DW Akademie and its partners created games that help young people with trauma develop media and information literacy skills.
From cyberbullying to fake news, young people encounter dangers every time they go online. This is where media and information literacy (MIL) can help. MIL teaches skills to fight disinformation, hate speech and harassment. For younger users, whose lives often play out online, these skills are critical to functioning safely in the digital world.
Yet keeping the attention of young media users, especially those who have dealt with trauma, can be difficult. DW Akademie and its partner Public Media Academy Juniors have been developing new games for Ukrainian students to hone their media literacy while keeping their specific needs in mind.
"These young people have suffered and continue to suffer trauma," said Yulia Alekseeva, a DW Akademie project manager. "Therefore we have to keep their attention and do it with sensitivity."
DW Akademie's trainers noted that young people began to appear less attentive at online trainings during the COVID-19 pandemic. With students locked inside, many of them attending school online, having extracurricular online meetings was ineffective. Students suffered from both lagging attention and remembering what they had learned.
Russia's full-scale invasion of Ukraine followed the pandemic lockdown and exacerbated the problem. The war has forced many students out of their homes to other parts of Ukraine or the country altogether. Ukraine seemed to experience collective trauma and, at the same time, online mis- and disinformation flourished.
The solution: make it fun. DW Akademie's network of MIL experts took MIL concepts and developed board games and other formats.
Victor Pichuhin (left) plays his Dungeons & Dragons-inspired MIL game with participants at the 2024 Global Media Forum.
The games are specifically designed with Ukrainian teenagers in mind and connect MIL principles with creative approaches. MIL trainers host the games and are supported by team members who have experience dealing with trauma.
In The Museum of Forgotten Tales, Ukrainian journalist Victor Pichuhin uses immersive storytelling like that of Dungeons & Dragons, bringing adventurers through a series of rooms in a fantastic museum. Through each ordeal, heroes must ask the right questions and discern the truth from the stories they hear to make the right decisions.
"When I play this game, I feel I'm in a safe space," said 17-year-old player Sofiia. "I can communicate with my peers and be creative. I imagine being the hero and it empowers me a lot."
A young Ukrainian player Sofiia (right) introduces The Museum of Forgotten Tales at an event in Bonn, Germany
In Media Busters, participants play as either a media house or a media buster. As a media house, they try to build a complete working media organization, including platforms and editorial teams. As media busters, they work to thwart the media organization at every turn. Players learn how a media organization works, what platforms are important and how the pieces come together to produce news.
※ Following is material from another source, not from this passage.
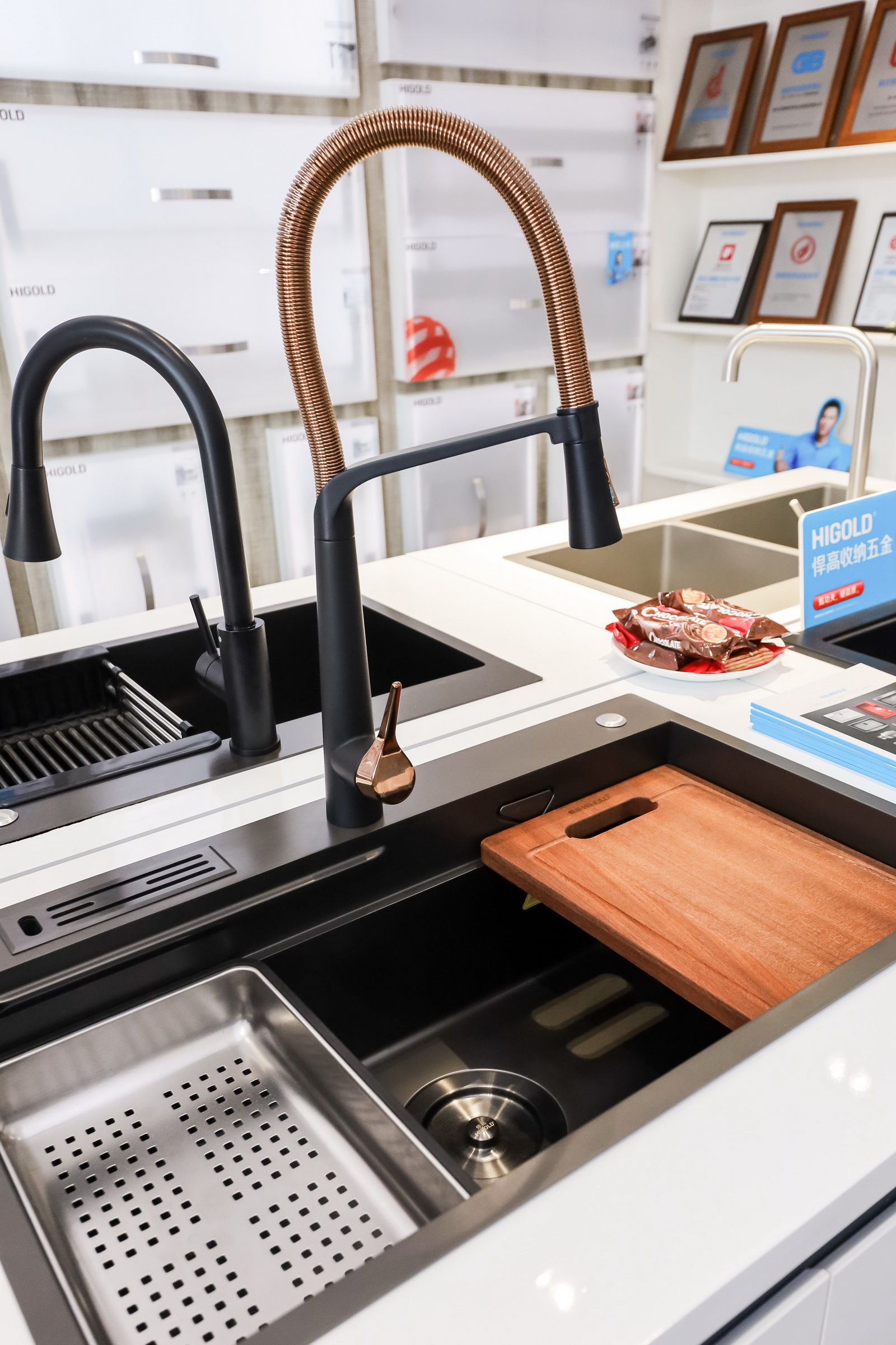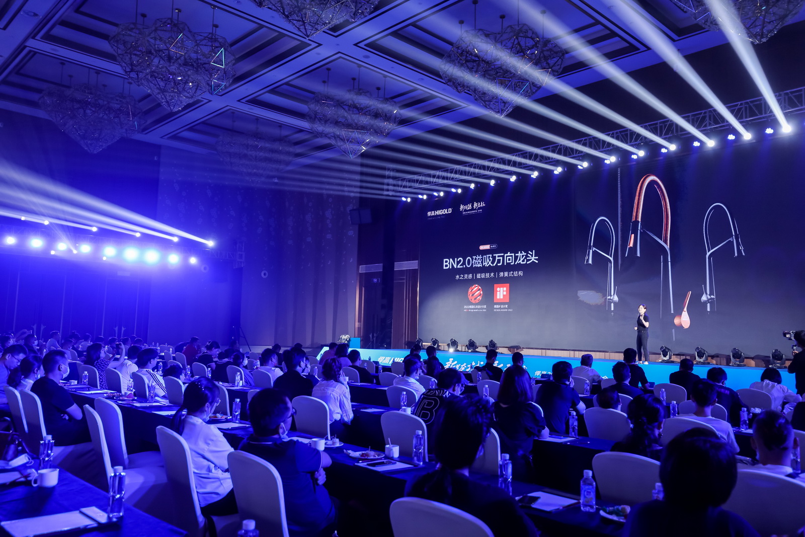 包括有厨房功能五金专利产品飞碟3.0,斩获国际红点设计大奖+iF设计大奖的希勒4.0,以及荣获本年度国际双料大奖的BN2.0龙头等,各事业部现场向与会嘉宾深度解读悍高明星产品在市场如何以美感和功能兼具的优势破局市场,多维度彰显悍高产品的匠心设计与精工品质。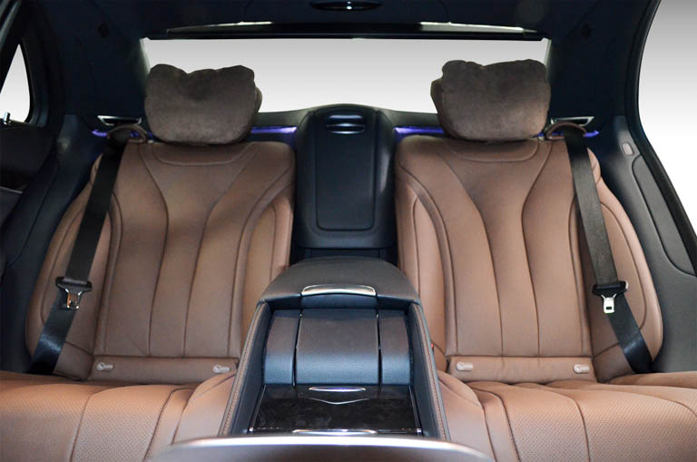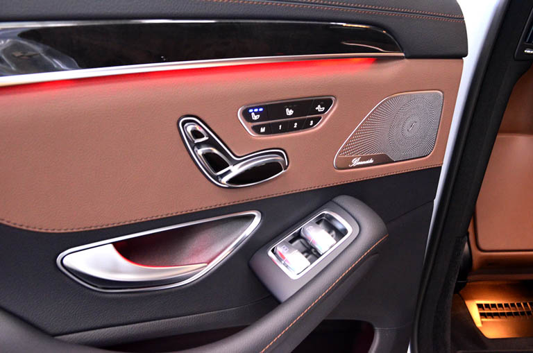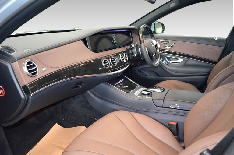 พร้อมฟังก์ชั่นใหม่ล่าสุดกับระบบ Split View for COMAND ที่สามารถแยกการแสดงภาพระหว่างผู้ขับขี่และผู้โดยสาร โดยการประมวลภาพในหน้าจอเดียวกัน พร้อมหน้าจอด้านหลังขนาด 10 นิ้ว 2 จอแยกออกซ้าย-ขวาและหูฟังไร้สายลายไม้แบบ Designo High Gloss เบาะหุ้มหนัง Nappa ระบบฟังก์ชั่น Ambient Lighting (หรือไฟเรืองแสงภายในห้องโดยสาร) ที่สามารถปรับรูปแบบได้ถึง 7 สี และกล้องรอบคันแบบ 360 องศา เป็นต้น นอกจากนี้ยังมีออฟชั่นพิเศษ Comfort Package ซึ่งมีที่รองรับช่วงขาเพิ่มเติมสำหรับผู้โดยสารด้านหลังแบบเดียวกับที่นั่งบนเครื่องบินระดับเฟิร์สคลาส ปรับด้วยระบบไฟฟ้าพร้อมหน่วยความจำ รวมทั้งระบบ Ventilation Seat สามารถปรับอุณหภูมิภายในเบาะทุกที่นั่ง โดยจะมีระบบให้ความเย็นสำหรับเบาะทั้ง 4ตัว พร้อมระบบปรับอากาศ Air Balance Package ที่จะช่วยทำให้บรรยากาศภายในห้องโดยสารหอมอบอวลไปด้วยน้ำหอมกลิ่นพิเศษเฉพาะ S-Class ที่มีกลิ่นหอมคุณภาพสูงให้เลือกถึง 4 กลิ่น ได้แก่ NIGHTLIFE MOOD, DOWNTOWN MOOD, SPORTS MOOD, FREESIDE MOOD ซึ่งจะถูกจัดเก็บไว้อย่างเป็นสัดส่วนในกล่องเก็บสัมภาระ อีกทั้งจะมีเซนเซอร์ตรวจจับความสมดุลของอากาศภายในห้องโดยสารที่มาควบคู่กับระบบฟอกอากาศ Oxygen Ionisation และออฟชั่นพิเศษกับระบบเพื่อความบันเทิงภายในห้องโดยสาร อาทิ ชุดเครื่องเสียง Burmester Sound System ที่พกพาลำโพงสมรรถนะสูงมาถึง 13 ตัวและพลังขับ 590 วัตต์ ให้ผู้โดยสารได้ดื่มด่ำกับเสียงเพลงที่ไพเราะอย่างเต็มอารมณ์จากนวัตกรรมในระดับเฟิร์สคลาส

The MIL mobile escape room, designed by Arminas Varanauskas of the Knowledge Economy Forum Lithuania, can be taken anywhere. It consists of puzzles whereby students must identify AI images, decode messages and find facts to escape.
The team is also developing a pop-up escape room that will travel through Ukraine and other European countries and can be set up in libraries, museums and cultural centers.
Beyond Ukraine, DW Akademie partners use gamification to teach MIL in other countries.
In the Baltics, DW Akademie and its partners have created games for the region,which, like Ukraine, is heavily affected by Russian disinformation.
And in Bolivia, the media outlet Muy Waso has developed Bomba Viral, a board game of practical exercises in which players must overcome the virus of misinformation.
"Bomba Viral generates spaces for dialogue and collaborative work," says Jhoselin Granados, Muy Waso's project manager. "We can't face the disinformation monster individually. We need to act as a team to counteract its rapid advance."
These approaches have a much more broad appeal and can connect with students that MIL might not have resonated with before. The sessions and trainings are foremost about active MIL skill development for its players.
"The best thing about games is that they are for everyone," said MIL and gamification expert Arminas Varanauskas. "Usually those students who like to sit in the last rows, who sometimes are referred to as 'troublemakers' are the ones who are the most engaged in the games."
Like in social media, learning is all about engagement. These MIL games offer both the hook and the opportunity to expand young people's media skills.
MIL games in Ukraine have been developed with Public Media Academy and are funded by the European Union and the German Federal Foreign Office. Bomba Viral was developed with support from the German Federal Ministry for Development and Cooperation (BMZ).